Anyway, to prepare the dataset, do the following:

  1. Set up Google Cloud Dataflow. The quickest way to do this is described in this guide.
  2. Run the following command:
PROBLEM=score2perf_maestro_language_uncropped_aug
BUCKET=bucket_name
PROJECT=project_name

PIPELINE_OPTIONS=\
"--runner=DataflowRunner,"\
"--project=${PROJECT},"\
"--temp_location=gs://${BUCKET}/tmp,"\
"--setup_file=/path/to/setup.py"

t2t_datagen \
  --data_dir=gs://${BUCKET}/datagen \
  --problem=${PROBLEM} \
  --pipeline_options="${PIPELINE_OPTIONS}" \
  --alsologtostderr

This should take ~20 minutes to run and cost you maybe $0.25 in compute. After it completes, you should see a bunch of files like score2perf_maestro_language_uncropped_aug-{train|dev|test}.tfrecord-?????-of-????? in the data_dir in the bucket you specified. Download these files to your machine; all together they should be a little over 1 GB.

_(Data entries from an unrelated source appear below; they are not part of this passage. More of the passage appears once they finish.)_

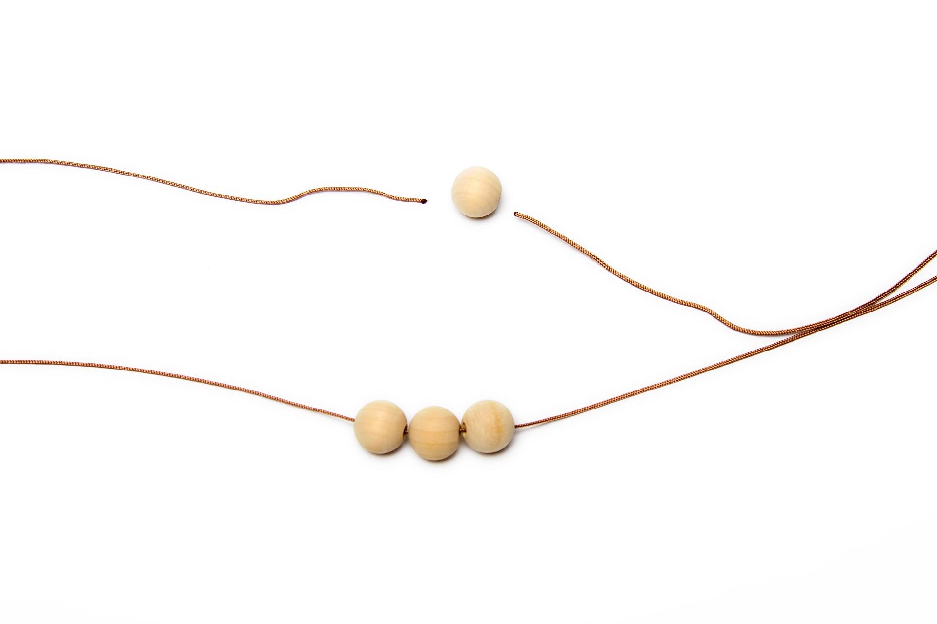 1. Odstrihneme cca 2 m návlekového materiálu. Môžeme použiť pevný silón alebo PES šnúrku. My sme pre tento návod zvolili PES šnúrku, ktorá je na fotografiách lepšie viditeľná.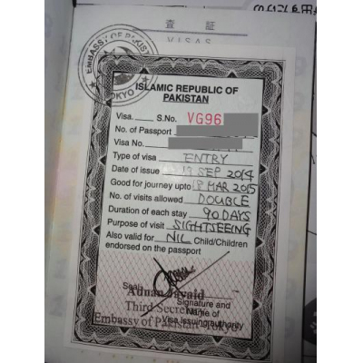 ・申請書は多少空欄があっても問題ないようです(最近のパキスタンは旅行者が少ないのでビザ申請歓迎、多少の不備はOK的な雰囲気があるらしいとどこかで読みました)。滞在日数1日と正直に書きましたが、希望した通り6ヶ月間有効のビザが貰えました。そしてシングルで申請しましたがダブルビザをくれました。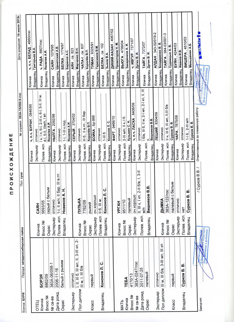 Спасибо! Действительно в родословной собраны отличные рабочие собаки: Через Чару( ВПКОС 7875/08) Уральские собаки, через Лешего ( ВПКОС 8304/09) -Тюменские и Кемеровские), через Ургана (ВПКОС 9511/10)- собаки Юга Кузбасса, Хакассии и Урала. Отец щенков -Борзя (ВПКОС 8862/09) привнес крови белорусских и брянских лаек....жесткий, рабочий кобель.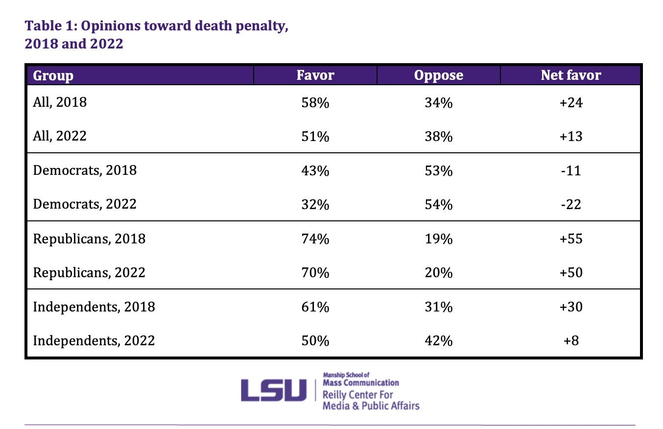 Support for capital punishment in Louisiana has fallen by seven percentage points in the last four years, according to the 2022 Louisiana Survey by the Reilly Center for Media & Public Affairs at Louisiana State University.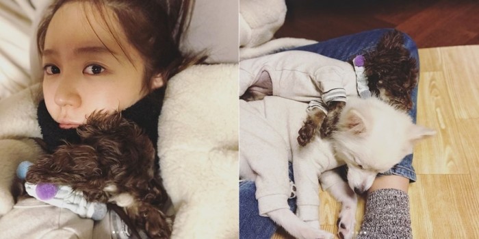 아울러 공개한 사진에는 흰색 털을 가진 온유와 곱슬거리는 갈색 털을 가진 기쁨이가 무릎에서 잠든 모습이 담겨있다.

You could also train using Google Cloud. As this will be a little more expensive and we have not tried it, the rest of this guide assumes you have downloaded the generated TFRecord files to your local machine.

Training

After you've downloaded the generated TFRecord files, run the following command to train:

DATA_DIR=/generated/tfrecords/dir
HPARAMS_SET=score2perf_transformer_base
MODEL=transformer
PROBLEM=score2perf_maestro_language_uncropped_aug
TRAIN_DIR=/training/dir

HPARAMS=\
"label_smoothing=0.0,"\
"max_length=0,"\
"max_target_seq_length=2048"

t2t_trainer \
  --data_dir="${DATA_DIR}" \
  --hparams=${HPARAMS} \
  --hparams_set=${HPARAMS_SET} \
  --model=${MODEL} \
  --output_dir=${TRAIN_DIR} \
  --problem=${PROBLEM} \
  --train_steps=1000000

Sampling from the model

Then you can use the interactive T2T decoder script to sample from the model:

DATA_DIR=/generated/tfrecords/dir
HPARAMS_SET=score2perf_transformer_base
MODEL=transformer
PROBLEM=score2perf_maestro_language_uncropped_aug
TRAIN_DIR=/training/dir

DECODE_HPARAMS=\
"alpha=0,"\
"beam_size=1,"\
"extra_length=2048"

t2t_decoder \
  --data_dir="${DATA_DIR}" \
  --decode_hparams="${DECODE_HPARAMS}" \
  --decode_interactive \
  --hparams="sampling_method=random" \
  --hparams_set=${HPARAMS_SET} \
  --model=${MODEL} \
  --problem=${PROBLEM} \
  --output_dir=${TRAIN_DIR}

Generated MIDI files will end up in your /tmp directory.